Exclusivo Envelhecer pela lente de Shyamalan

Está aí o "filme de verão" do realizador indo-americano. Presos no Tempo é drama de família, e de um grupo de estranhos, com um pezinho na Série B e o terror que nasce de um certo modo de filmar.

Terminada a trilogia Eastrail 177, M. Night Shyamalan voltou ao seu mais tradicional registo (in)cómodo: o medo como jogo de perceção e leitura de um espaço. O filme é a adaptação de uma banda desenhada de Frederik Peeters e Pierre-Oscar Lévy, Sandcastle, mas podia ser uma versão americana de O Anjo Exterminador (1962), de Luis Buñuel, esse, recorde-se, uma história absurda do princípio ao fim, em que um conjunto de personagens aristocráticas fica preso dentro de um palacete, após um jantar, porque simplesmente não consegue sair. Não há nada de concreto a impedi-las, mas uma barreira invisível parece impor-se... Ora, em vez de um palacete, Presos no Tempo passa-se numa praia isolada, tem ingredientes mais sombrios, e à medida que se aproxima do fim, perde a coragem de manter o absurdo. O que se passa pelo meio, porém, é obra segura do espírito lúdico de Shyamalan, a explorar uma premissa sem resistir às adendas.

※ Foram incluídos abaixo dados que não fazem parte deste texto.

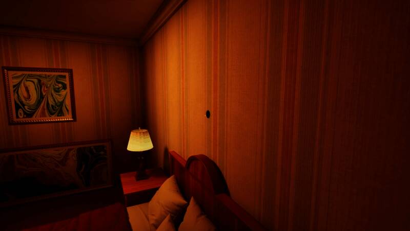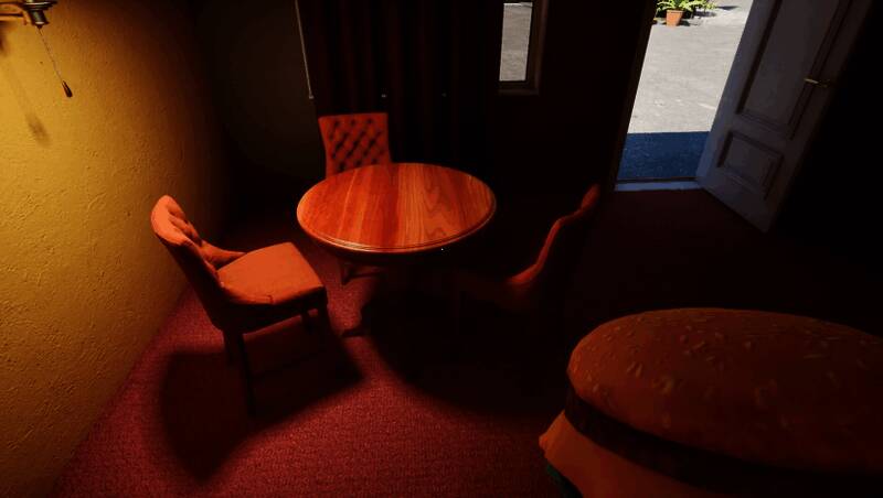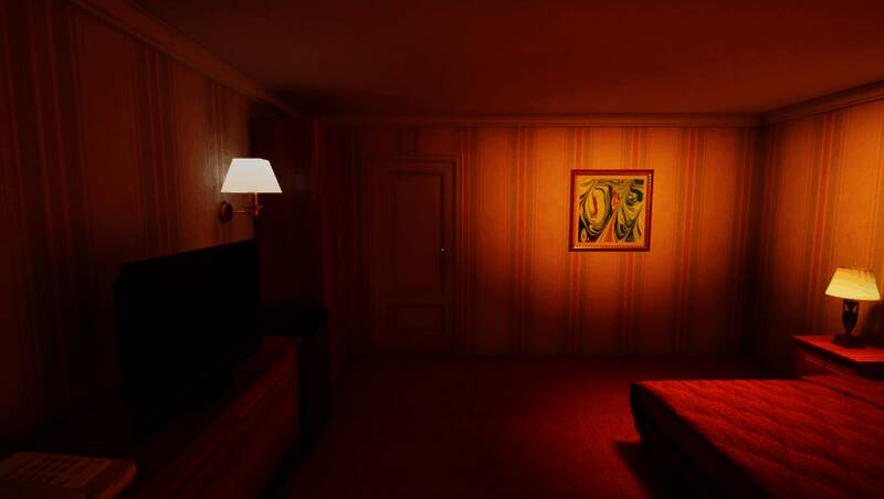 游戏采用复古VHS录像带风格的画面呈现方式,包括雪花纹、色彩偏移与动态模糊效果,完美还原上世纪80年代低成本恐怖片的视觉氛围。墙壁纹理随着剧情推进发生微妙变化,如指纹浮现与霉斑扩散,配合光影扭曲效果,进一步强化“现实崩坏”的感受。角色建模同样注重细节,例如礼宾员僵硬的微笑、房客影子与动作不同步的设计,都暗示着非人本质的存在。
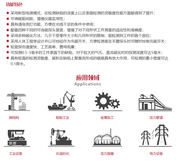 ?應(yīng)用新型電源模式,使本產(chǎn)品不論在檢測(cè)缺陷的深度上還是在表面檢測(cè)的靈敏度性能方面都得到了提升;
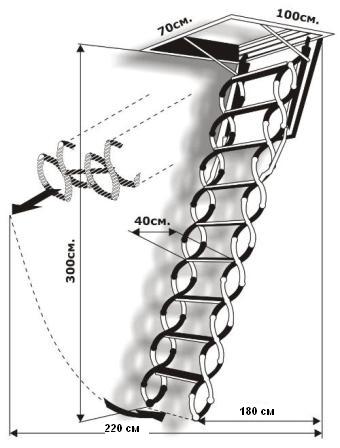*Возможно увеличение высоты лестницы с 300 см до 325-450 см (высоты помещения) с помощью установки дополнительных секций.
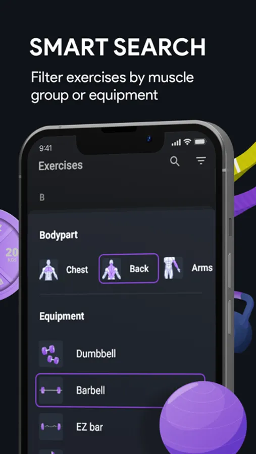 Exercise list - A comprehensive list of exercises, including strength, cardio, and flexibility exercises. Select a workout or create your own custom weight lifting routine.
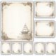 Pegatina divertido ambientado en tonos marrones. Dibujo de un barco de vela con un marco marrón detallado alrededor de los pegatinas.
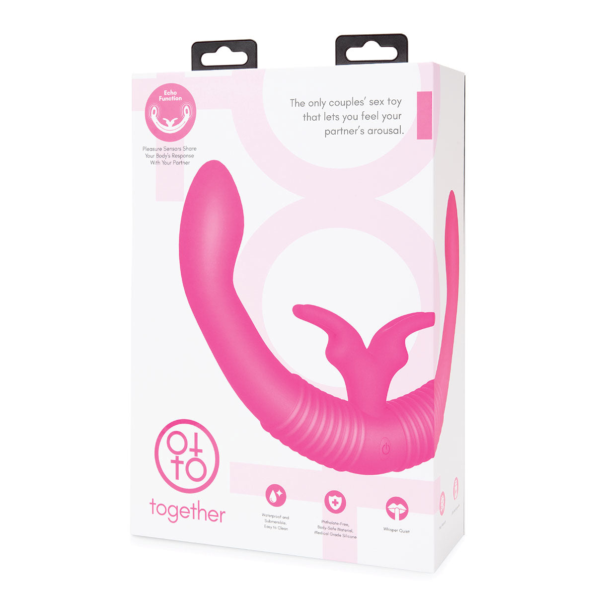Together's innovative approach to shared passion is designed to allow both partners to face each other, promoting closeness during intimacy. Great for face-to-face intercourse but also great when partners move into different positions. In addition to dual functionality for both partners, the design offers the perfect amount of tension for multiple positions, ideal for hitting both partners' g-spots and/or p-spots since the outer arms can be used vaginally and/or anally!

No princípio do filme, um casal em crise interpretado por Vicky Krieps e Gael García Bernal, chega com os dois filhos pequenos a um resort. Para além deles, há mais uma família e outro casal que são alvos da atenção da câmara antes de seguirem para "a melhor praia da ilha", cortesia do gerente, transportados por um funcionário (Shyamalan, no seu habitual cameo) que lhes deixa um cesto carregado de comida... para umas horas. Com os pés naquela areia, rodeados por um enigmático rochedo, e na presença de um homem que já ali estava - identificado pela filha do primeiro casal como um rapper famoso -, o fenómeno estranho começa a manifestar-se: naquele lugar, os corpos envelhecem em poucas horas o que envelheceriam em anos. Num estalar de dedos, as crianças passam a adolescentes, depois a jovens adultos, e assim sucessivamente, enquanto o grupo de desconhecidos, em estado de desespero, tenta encontrar uma saída. O certo é que há qualquer coisa com aquele rochedo.